— Ничуть не бывало. Все было совершенно ясно.

— На чем я остановился, мистер Бинтрей?

— Да вы остановились, — но я не стал бы волновать себя, будь я на вашем месте, начиная сейчас же снова говорить об этом.

— Я буду осторожен. Я буду осторожен. На каком месте, мистер Бинтрей, начался у меня шум в голове?

— На жарком, горячем и пиве, — отвечал поверенный, подсказывая, — жизнь под одной и той же крышей — и каждый в отдельности и все вместе…

— Ага! И каждый в отдельности и все вместе шумели бы в голове…

— Знаете, я в самом деле не стал бы позволять своим добрым чувствам волновать себя, будь я на вашем месте, — снова боязливо намекнул поверенный. — Попробуйте-ка еще немного пройтись к насосу.

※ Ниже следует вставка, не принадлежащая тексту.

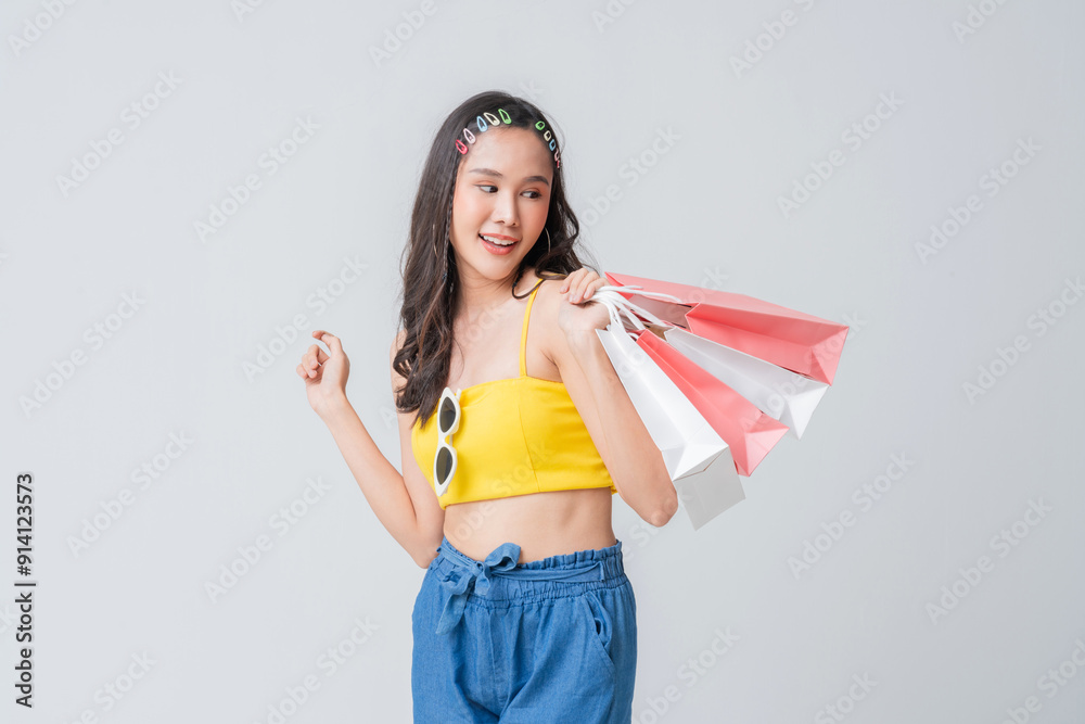 Asian happy female woman girl holds colourful shopping packages standing on plain background studio shot, Close up Portrait young beautiful attractive girl smiling hand hold colorful shopping bag

— Не надо, не надо. Все в порядке, мистер Бинтрей. И каждый в отдельности и все вместе образовали бы как бы одно семейство! Вы понимаете, мистер Бинтрей, мне в детстве не пришлось испытать того вида индивидуального существования, которое так или иначе испытала большая часть людей во время своего детства. После этого времени я был всецело поглощен своей дорогой покойной матерью. Потеряв ее, я прихожу к такому выводу, что я более пригоден, чтобы быть частью какого-нибудь целого, чем существовать сам по себе. Быть этой частью и в то же время исполнять свой долг по отношению к тем людям, которые зависят от меня и привязать их к себе — в этом есть что-то патриархальное и прекрасное. Я не знаю, как это может вам показаться, мистер Бинтрей, но так это кажется мне.

— Но в этом случае не мне должно принадлежат решение, а вам, — возразил Бинтрей. — Следовательно, как это может мне показаться, имеет очень ничтожное значение.

— Мне это кажется, — сказал с жаром мистер Уайльдинг, — подающим большие надежды, полезным, восхитительным!

— Знаете, — снова намекнул поверенный, — я в самом деле не стал бы вол…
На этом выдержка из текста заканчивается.